Zach stills, and his nostrils flare before he hides his surprise. But I’ve seen enough to cause my heart to shred with dread.

“He told you all this?” Zach asks.

“Some of it. The other details I found out on my own. So am I safe? Please tell me straight. The mind games I think I can deal with, but I need… other reassurances.”

I shake my head at Bethany when her face creases in concern, but my eyes return to Zach.

“He’s complicated. And I’m not saying that to be fucking cryptic or mysterious. You’re not safe if you decide to pursue a relationship with him. But you’re strong. If you choose to take him on, I get the feeling you’ll handle yourself more than adequately. Worst-case scenario, if he fucks with you beyond your comfort zone, I fuck with him. Good enough?”

Despite my like/hate relationship with Zachary Savage, I feel a warm glow. I glance at Bethany, and she’s wearing that sickening love glaze again as she gazes up at him.

I roll my eyes. “Good enough.”

19

KEELY

Six years ago

I dress nice in my short, black leather skirt and a sexy fuchsia halter top. Ashley has grudgingly loaned me her knee-high heeled boots in exchange for doing her laundry for a week. Since I tend to do it most days or risk brain damage from the skanky smells from her gym bag, it’s no biggie. I would’ve gone for plain black platform heels, but Ashley assured me guys go wild for leather boots, especially stilettos. And since she seems to have a hot guy on the go every other night of the week, I’ve decided to trust her on this crucial point.
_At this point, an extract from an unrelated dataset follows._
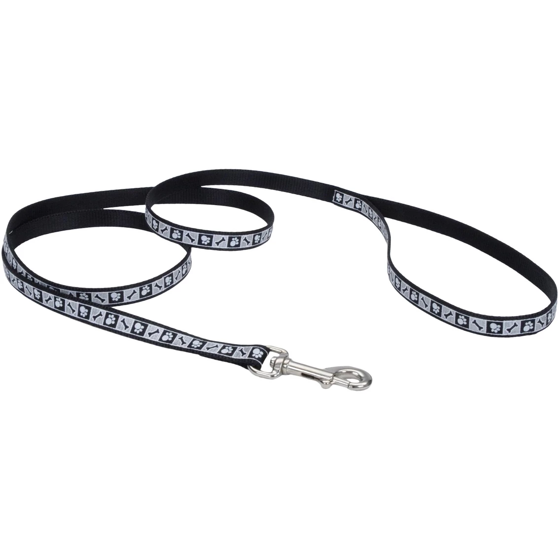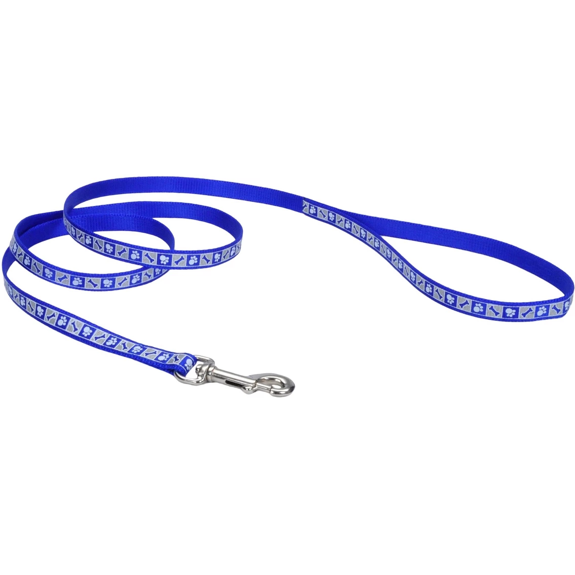 This leash with paws and squares from Coastal Pet is .375 in. wide and is perfect for puppies or petite dogs. Choose from black, blue or red. Model: 46385BBPS04.

Leo’s town car arrives at eight sharp.

I try to act cool and not giggle when the chauffeur doffs his cap and calls me ma’am. A few students drifting out of the frat house across the street whistle when I expose a little thigh sliding into the back of the car. Although I blush, I’m more than a little pleased by the confidence-boost I get from their male appreciation. I settle into the back of the car and, as we exit the campus, check out my subtle make-up in the window reflection.

We head south on Westwood Plaza, then hang a right on Wiltshire. I’m dying to ask where exactly the party is, but it feels as if it’s something I would know, and I don’t want to appear unsophisticated. I open my small clutch and check that the seventy-five dollars I tucked in there earlier—because my mom has ingrained in me never to leave home without a means to get back—is still there, along with my phone, a packet of gum and a tube of lipstick.
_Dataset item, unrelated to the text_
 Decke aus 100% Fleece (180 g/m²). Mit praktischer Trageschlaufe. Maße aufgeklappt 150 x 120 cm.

I debated whether to bring my driver’s license, but I decided against doing so. Since this is a private event, and I have a photo of my license on my phone that I can always access if I need to show my ID, I’m cool with not stuffing too many items into my tiny fuchsia purse.
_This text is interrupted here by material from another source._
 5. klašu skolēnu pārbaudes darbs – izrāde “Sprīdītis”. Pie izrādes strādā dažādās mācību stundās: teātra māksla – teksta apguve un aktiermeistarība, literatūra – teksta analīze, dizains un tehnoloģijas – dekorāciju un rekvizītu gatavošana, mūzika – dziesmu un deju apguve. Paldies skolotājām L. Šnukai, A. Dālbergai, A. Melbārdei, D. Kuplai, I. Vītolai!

We hit traffic, and I start twirling my hair as anxiety churns through me. I catch myself and try to play a couple of games of Bejeweled to distract myself instead. After I fail the same level five times in a row, I put my phone away. I’m too nervous to concentrate anyway. I look out the window and see that we’re climbing into the Hollywood Hills. The houses are getting bigger and farther apart. Below me, L.A. is a blanket of fuzzy twinkles.

I face forward and catch the driver staring at me with a touch of jaded curiosity that immediately gets my back up. Shit, should I have asked his name? Or made conversation? I hope he doesn’t mistake me for another self-absorbed rich brat. I attempt ahey-I’m-one-of-yousmile, but his gaze shifts and refocuses on the road.

I’m wondering what to say to him when we swing off the road and stop in front of a pair of towering black gates. He keys in a code and eases the car onto a white gravel road. Sleek sports cars and limos litter the tree-lined driveway, but there’s no one outside, which makes me wonder if and how late I am for the party. And also whether I need to text Leo to let him know I’m here.

I toss the idea out. It doesn’t seem like a cool thing to do, and I don’t want to come off asNeedy Nerd.

When the driver stops under a super-wide portico and comes round to open my door, I attempt another smile. His face remains impassive.

“You’ll need this.” He hands me a flat black box, then doffs his cap again. “Enjoy your evening, ma’am.”